# Spitfire help



## Pusskyfly (Aug 5, 2009)

Hey there, am new here 

I recently started getting back into modelling again after seeing flying legends at Duxford \o/.
I used to do a fair bit when I was younger so have limited experience, however to get myself back into the swing I thought I'd try a simple Airfix 1/72 Spitfire mk1 and try out some more advanced techniques. 

I'm going for the open cockpit so have cut the canopy into 3 pieces however it just seems too thick so I thought I'd come to you guys for some advice on what to do \o/.

Am still a novice so noting too complex yet I hope. It just seems impossible to slide the canopy back right now in the right way. Any advice would be cool thanks.
I would take pictures but my camera seems to get really blurry close up


----------



## Colin1 (Aug 5, 2009)

You could try these
I've no experience of Falcon but they do seem to get good reviews

Instructions for Clear-Vax set 41


----------



## A4K (Aug 5, 2009)

Look no further! Got that set, and my Mk.I canopies are going spare...

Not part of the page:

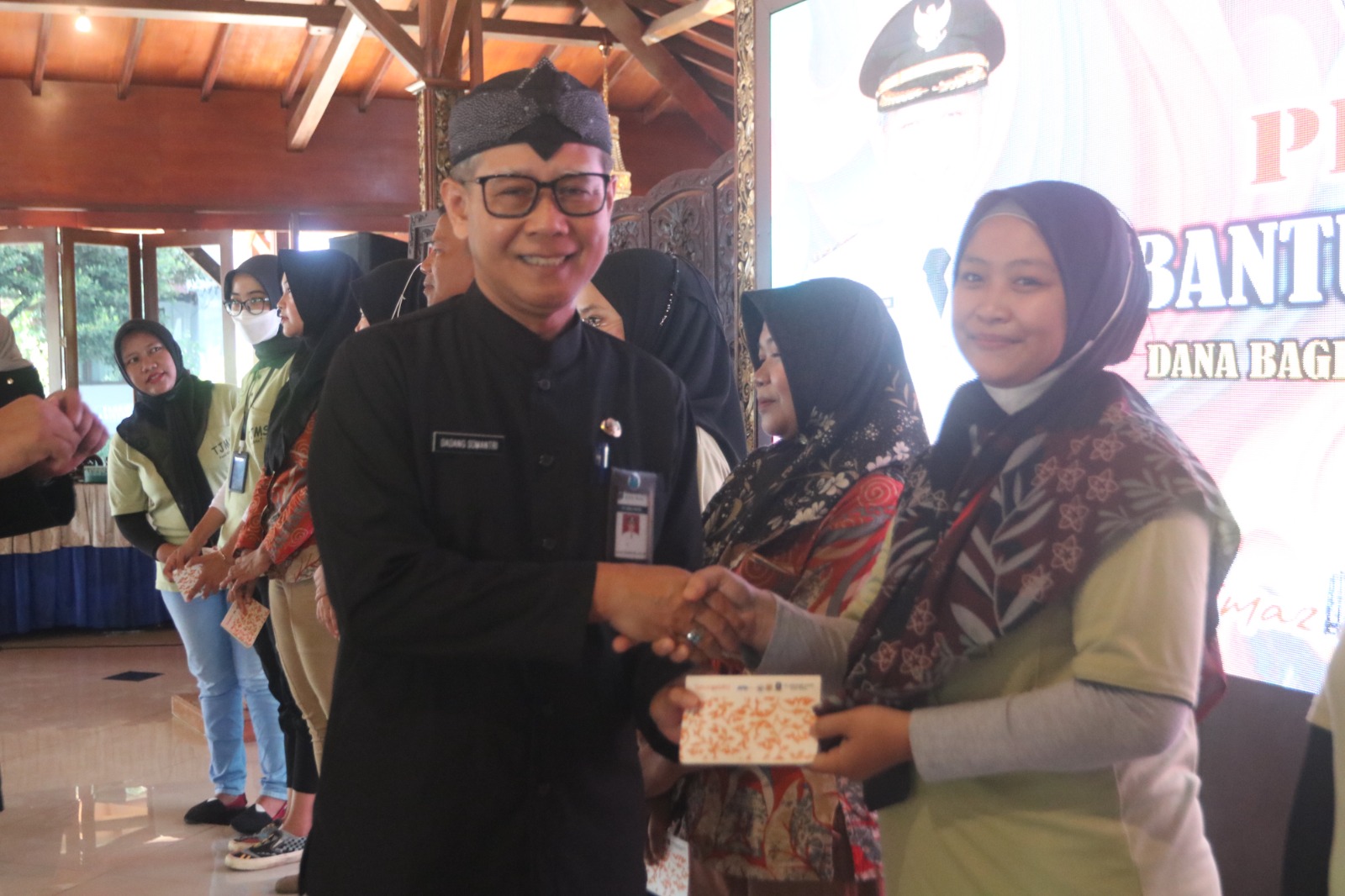 Penjabat (Pj.) Wali Kota Tegal, Dadang Somantri secara simbolis memberikan Bantuan Langsung Tunai Dana Bagi Hasil Cukai dan Hasil Tembakau (BLT DBHCHT) kepada buruh pabrik rokok warga Kota Tegal di Pendopo Ki Gede Sebayu, Kamis (06/06) pagi.

Which type are you after? They offer the Mk.I (flat hood/ dimmer screen), Mk.I (bulged / unarmoured screen), and Mk.I/II/ early V (bulged/ armoured screen).
Let us know which, and drop us your address in a PM.

Evan


----------



## Airframes (Aug 5, 2009)

That's that sorted then! 
Yep, it's often very difficult, especially in 1/72nd scale, to be able to position the canopy open unless the kit parts are provided for this. The reason being, as you've discovered, the mouldings are too thick, and can't always be successfully thinned. Vac formed or heat formed canopies, made from thinner acetate or clear styrene sheet are the answer, and it looks like Evan has you covered.


----------



## Pusskyfly (Aug 5, 2009)

Thanks guys, much appreciated


----------



## vikingBerserker (Aug 5, 2009)

Good luck to you Pusskyfly, and welcome aboard.


----------



## conkerking (Aug 29, 2009)

Look forward to seeing your Spit when she's finished, as a fellow novice getting into Spitfires... I've just finished that same kit, but converted it into a Mk. IIb... sort of! Will post under finished kits.


----------